What you should end up with is an exact copy of the lines from the one holding "近日,出演环境式越剧《新龙门" through the last line of the entries below, both included, and nothing else; leave every picture out.

>>

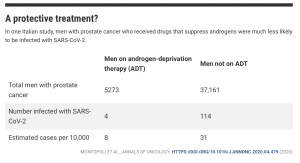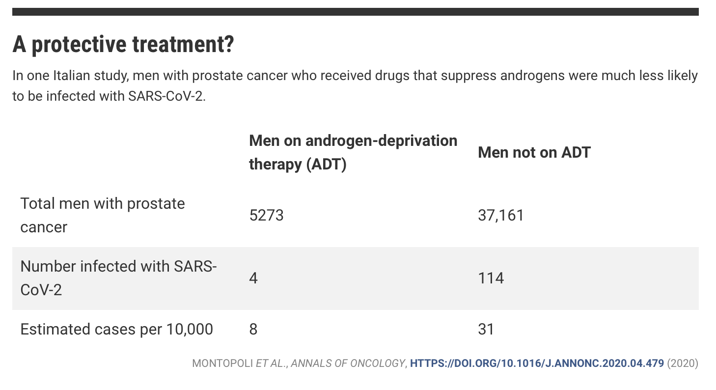 In one Italian study, men with prostate cancer who received drugs that suppress androgens were much less likely to be infected with SARS-CoV-2.
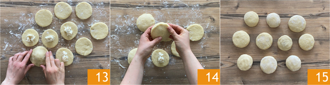 Coloque um disco de massa por cima 13 e sele bem as bordas, pressionando-as com os dedos 14. Continue assim até compor 10 pãezinhos 15.
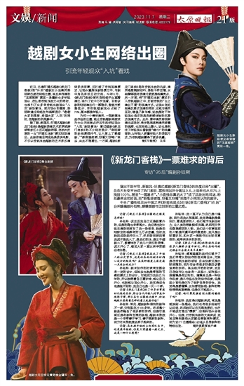近日,出演环境式越剧《新龙门客栈》的“90后”越剧女小生演员陈丽君迅速在网络出圈,其反串饰演的“玉面郎君”贾廷一角圈粉众多年轻观众,在弘扬传统戏曲文化的同时,也吸引了众多非传统戏剧观众“入坑”剧场看戏。面对观众的喜爱,陈丽君通过网络发布视频表示:“谢谢大家的厚爱,希望大家‘入坑’的同时,在越剧的坑底躺平。”据了解,新国风·环境式越剧《新龙门客栈》是越剧表演艺术家茅威涛领衔浙江小百花越剧团等,在杭州打造的一台“环境式戏剧”模式驻场演出。此剧改编自同名经典武侠电影,不仅以传统戏曲越剧的艺术形式演绎武侠故事,还打破了传统观演模式,让观众置身戏剧场景之中,与剧中角色形成互动交流。今年8月,《新龙门客栈》首次在网络平台直播演出,吸引了近千万次观看。目前该剧的驻场演出仍一票难求,据官方数据显示,非传统越剧观众占到了70%,基本都是年轻人。
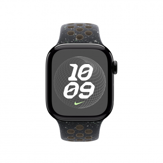 Apple 42mm sportovní řemínek Nike – M/L Tenhle sportovní řemínek Nike má vylisované otvory pro větší vzdušnost, je odolný, pevný a přitom krásně poddajný. Obsahuje barevné vločky vytvářející náhodné vzory, takže každý řemínek je originál. Jeho hladký, hutný materiál se elegantně ovine kolem zápěstí a příjemně sedí. A nově se zapíná na hliníkový kolíček s matným povrchem. Řemínek obsahuje minimálně 30 % recyklovaného fluoroelastomeru, přičemž obsah recyklovaného fluoroelastomeru v každé vločce je minimálně 66 %. V krabici Sportovní řemínek Apple Watch Nike Technické specifikace Materiál: Hliník, Minimálně 30 % recyklovaného fluoroelastomeru Barva: Midnight Sky Nike Velikost řemínku: 150 - 200 mm Kompatibilita - Modely Apple Watch * 38 mm * 40 mm * 41 mm * 42 mm
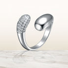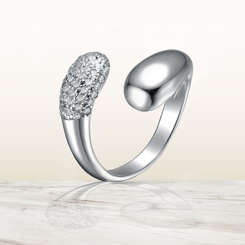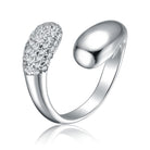 Classy White Gold Plated Cubic Zirconia Bypass Ring. This design features two bands passing each other on the top, the bands are pear shaped on the top, one paved with clear round cubic zirconia stones and the other made out of solid metal. Crafted of White Gold Plated and it is available in sizes 6,7 or 8. Makes a great gift as well.
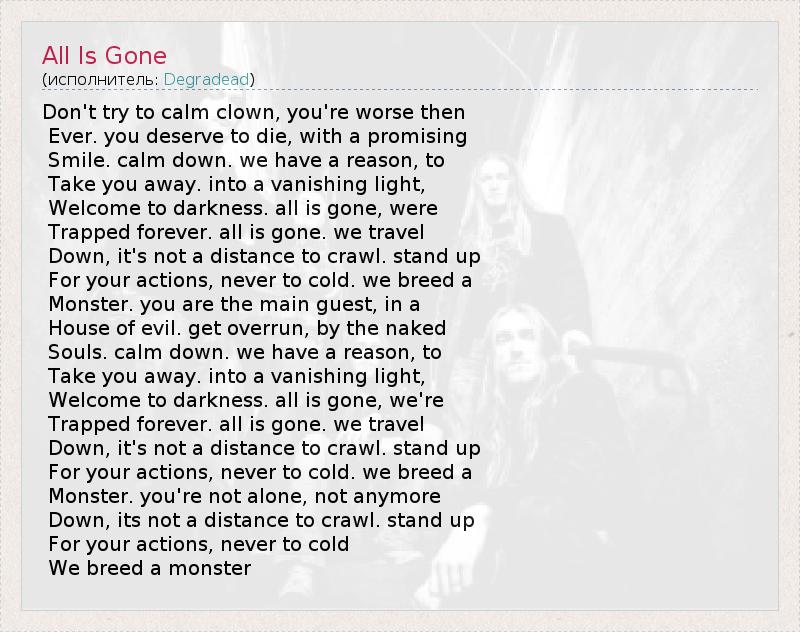 А как ты думаешь, о чем песня "All Is Gone" ?

<<

## ANSWER TO THE PROBLEM
近日,出演环境式越剧《新龙门客栈》的“90后”越剧女小生演员陈丽君迅速在网络出圈,其反串饰演的“玉面郎君”贾廷一角圈粉众多年轻观众,在弘扬传统戏曲文化的同时,也吸引了众多非传统戏剧观众“入坑”剧场看戏。面对观众的喜爱,陈丽君通过网络发布视频表示:“谢谢大家的厚爱,希望大家‘入坑’的同时,在越剧的坑底躺平。”据了解,新国风·环境式越剧《新龙门客栈》是越剧表演艺术家茅威涛领衔浙江小百花越剧团等,在杭州打造的一台“环境式戏剧”模式驻场演出。此剧改编自同名经典武侠电影,不仅以传统戏曲越剧的艺术形式演绎武侠故事,还打破了传统观演模式,让观众置身戏剧场景之中,与剧中角色形成互动交流。今年8月,《新龙门客栈》首次在网络平台直播演出,吸引了近千万次观看。目前该剧的驻场演出仍一票难求,据官方数据显示,非传统越剧观众占到了70%,基本都是年轻人。
 Apple 42mm sportovní řemínek Nike – M/L Tenhle sportovní řemínek Nike má vylisované otvory pro větší vzdušnost, je odolný, pevný a přitom krásně poddajný. Obsahuje barevné vločky vytvářející náhodné vzory, takže každý řemínek je originál. Jeho hladký, hutný materiál se elegantně ovine kolem zápěstí a příjemně sedí. A nově se zapíná na hliníkový kolíček s matným povrchem. Řemínek obsahuje minimálně 30 % recyklovaného fluoroelastomeru, přičemž obsah recyklovaného fluoroelastomeru v každé vločce je minimálně 66 %. V krabici Sportovní řemínek Apple Watch Nike Technické specifikace Materiál: Hliník, Minimálně 30 % recyklovaného fluoroelastomeru Barva: Midnight Sky Nike Velikost řemínku: 150 - 200 mm Kompatibilita - Modely Apple Watch * 38 mm * 40 mm * 41 mm * 42 mm
 Classy White Gold Plated Cubic Zirconia Bypass Ring. This design features two bands passing each other on the top, the bands are pear shaped on the top, one paved with clear round cubic zirconia stones and the other made out of solid metal. Crafted of White Gold Plated and it is available in sizes 6,7 or 8. Makes a great gift as well.
 А как ты думаешь, о чем песня "All Is Gone" ?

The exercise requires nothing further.